Я любила мать больше жизни, ценность которой ребенок не понимает, но, как животное, чувствует; я часто в ужасе просыпалась, оттого что мне снилось, будто мать умерла. А наяву я с отчаянием ждала ее, ежевечерне дрожала внутренней непреходящей дрожью, у меня от страха болел живот, меня рвало, ноги мои подкашивались… Я стояла за входной дверью в огромной коммунальной квартире и впитывала всем слухом, всем сердцем шаги - уже как бы и не на лестнице, но даже на самой улице. Я старалась, чтобы соседи не видели этого, потому что стыдилась нашего неблагополучия.
И вот теперь мать уехала в далекие солончаковые степи, а меня оставила во вдвойне ненавистном Доме. Она обещала писать, но от нее ничего не было, кроме телеграммы со странным названием пункта отправления, в которой она сообщала, что доехала благополучно.

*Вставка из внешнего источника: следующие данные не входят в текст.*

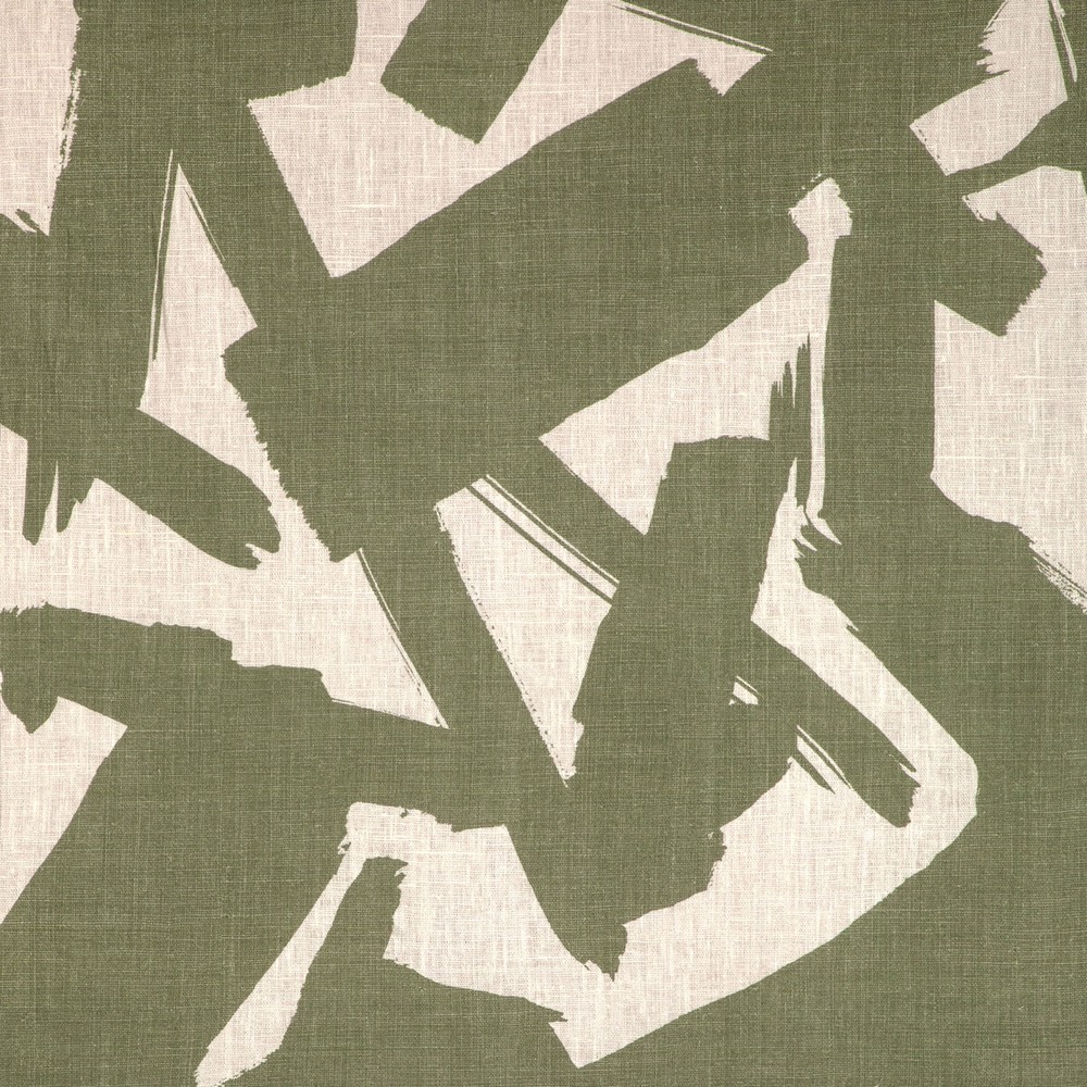 | LINEN PRINT ABSTRACT GEOMETRIC ART DISTRICT KRAVET COUTURE SOFTENED ; Colors: Ivory Sage Green |

А я так сходила по ней с ума, что даже никогда не заговаривала о ней, и мне было странно, что бабушка так спокойна, - конечно, по сравнению со мной. Я не спала ночами, и бабушка обманом наливала мне в чай снотворное. Я придумала себе, как это часто бывает с детьми, множество мелких ритуальных действий: их надо исполнить, чтобы все было хорошо. Кроме того, я ежевечерне обновляла систему самообмана, оправдывавшую отсутствие вестей. За окнами Дома лежал глубокий снег и стояла такая тишина, что, казалось, ничего странного нет, если почта сюда не доходит. Мать отбыла в какие-то солончаки, где совершенно точно есть верблюды (этим она меня пыталась развлечь перед отъездом), но совсем еще неизвестно, говорила я себе, есть ли там почта. Зимние сумерки были для меня, тем не менее, непереносимы…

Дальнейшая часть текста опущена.